Брандт вернулся на «U-869». Ему было положено еще несколько дней отпуска, но он отдал свои дни женатым членам команды, чтобы они могли больше времени провести с семьями. Оставшись один, он сидел на своей маленькой койке на борту субмарины и писал письма родным.
«Вчера я узнал, — писал Брандт в одном из писем, — что Фритц С., радист, с которым я постоянно встречался на берегу, не вернулся из похода. Это была его первая отправка на фронт. Всего пару недель назад мы вместе сидели в ресторане. Это жизнь — жестокая и неумолимая».
В середине ноября онвложил в конверт два своих небольших фото и короткую записку, в которой просил семью: «Пожалуйста, думайте обо мне». На одном из фото он сидя спал на палубе «U-869», поджав колени к груди, опершись спиной о боевую рубку и склонив голову. У матери Брандта было много его фотографий, но эта была единственная, над которой она расплакалась. Когда Ганс-Георг спросил ее, почему она плачет, мать сказала ему, что Зигги всегда так сидел. Это напомнило ей детские годы сына, и, хотя Зигги уже был гордым воином, на этой фотографии она вновь видела своего маленького мальчика.

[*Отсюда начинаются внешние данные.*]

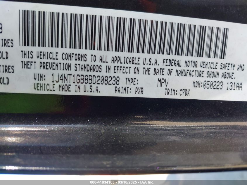 Color BlackCylinders 4Drive Front wheel driveVIN 1J4NT1GB8BD******State Run & Drive VerifiedDamage Front or back AutoRIA
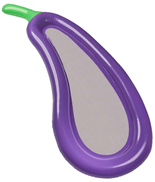 Dmuchany materac w kształcie bakłażanu dostarczy wrażeń znacznie bardziej ekscytujących niż konsumpcja niejednego grillowanego bakłażana. Na tę nietypową wersję owocu składa się pompowany obrys fioletowego bakłażana z zielonym ogonkiem.

В конце ноября Брандт послал семье еще одно письмо. Там было написано:
«К тому времени как вы получите мое письмо, я уже уйду в поход… Я так рад, что получил весточку от Норберта, теперь мне будет спокойнее. Поздравляю Ганса-Георга с днем рождения. Надеюсь вернуться домой ко времени его конфирмации. Также желаю вам всем веселого, благословенного, спокойного Рождества и Нового года. Рождество — это праздник всей семьи, даже если на этот раз я буду с вами только мысленно. Когда мы помним друг друга, мы помним и о том, как нам хорошо было вместе. Пожалуйста, не забывайте обо мне, когда соедините руки в молитве, поддерживая друг друга. Будем с нетерпением ждать нашей встречи».